Former Takefuji Corp. Chairman Yasuo Takei was sentenced Wednesday to a suspended three-year prison term for wiretapping and defamation of character.

The Tokyo District Court also fined Takefuji 1 million yen for violating the Telecommunications Business Law in the wiretapping.

Takei, the 74-year-old founder of the moneylender, pleaded guilty to ordering a subordinate in 2000 and 2001 to bug the phones of two freelance journalists who had written articles criticizing the major consumer loan firm.

He had also been charged with defamation of character for directing Takefuji employees to place libelous statements about one of the journalists on its Web site.

Takei's prison term was suspended for four years. Prosecutors had demanded he spend three years in prison.

In handing down the sentence, presiding Judge Tsutomu Aoyagi said there was no excuse for Takei's ordering the illegal wiretaps.

"As founder of Takefuji, his intentions to protect his company may have been sincere," the judge said. "But as leader of a major company, he should have considered legitimate actions, such as filing a lawsuit" to try to stop the publication of articles critical of the firm.

The judge also said the defamation of the journalist has had serious consequences, given that the statements were posted on Takefuji's Web site, which is accessed by a large number of people.

The wiretapping was discovered when former Takefuji employee Kazuhiro Nakagawa gave journalist Shunsuke Yamaoka internal company documents in 2002. From the files, Yamaoka wrote articles on problems in the company, including the practice of bugging phones.

According to Yamaoka, the documents included transcripts of private phone conversations between December 2000 and February 2001. Nakagawa also confessed to him that he had been involved in the wiretapping.

Nakagawa was given a suspended three-year prison term in May by the Tokyo District Court.

Takei was arrested in December on the wiretapping charge, and stepped down as chairman six days later.

The defamation charge came from a criminal complaint filed by Yamaoka and freelance journalist Yu Terasawa two months earlier.

Takei had ordered employees to write messages for its Web site, saying that allegations of wiretapping, which had appeared in articles written by the two journalists, were groundless and that they may have been relying on fabricated evidence.

In handing down the suspended sentence, Aoyagi said Takei quit as Takefuji chairman and is repentant.

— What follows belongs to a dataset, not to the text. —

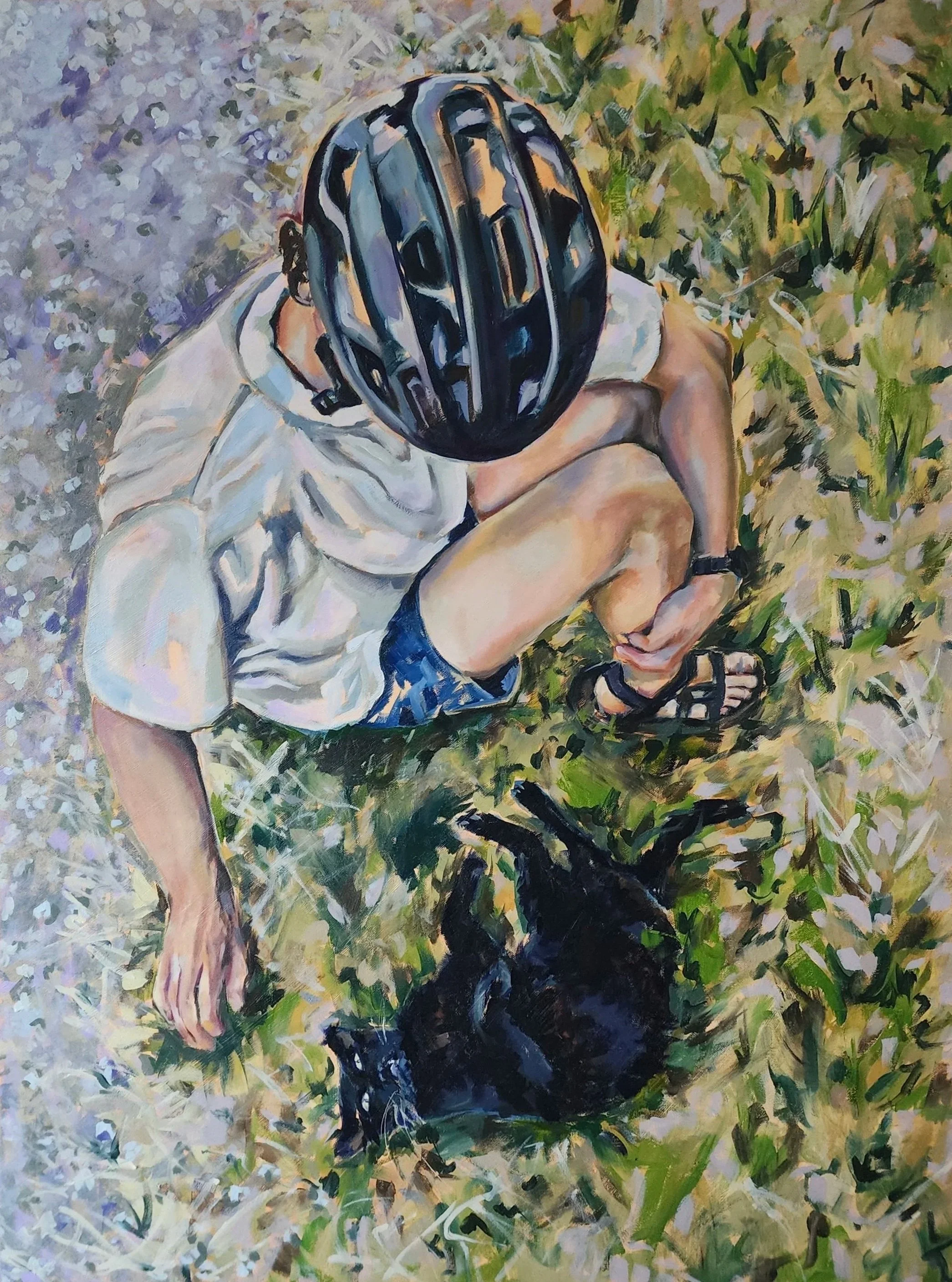 I painted this from a photo I snapped mid-interaction: helmet still on, bike just out of frame, the cat in full chaotic energy. The palette leans into purples and greens—grass, gravel, sunlight, movement—trying to hold that feeling of surprise and softness all at once.

Takefuji released a statement that it accepts the court decision and will devote itself to preventing similar wrongdoings and to regaining public trust.

But Yamaoka told reporters, "I am dissatisfied with the ruling."

He said he does not think Takei is sorry for the wiretapping and claimed Takei, while out on bail during the trial, approached him and tried to settle the defamation charge out of court -- an action Yamaoka believes indicates he was trying to hush up the crime.

Separately, Kenji Utsunomiya, a lawyer active in helping heavy debtors of consumer loan companies, stressed that there are many unresolved problems at Takefuji.

Although Takei stepped down, his second son is still the representative director of Takefuji, and the company is suing several lawyers who are helping heavy debtors in an attempt to interfere with their work, he said.

As for Takei's relationship with Takefuji, the company has announced the founding family's share of the firm's outstanding stocks, which earlier stood around 60 percent, will eventually come down to less than 25 percent.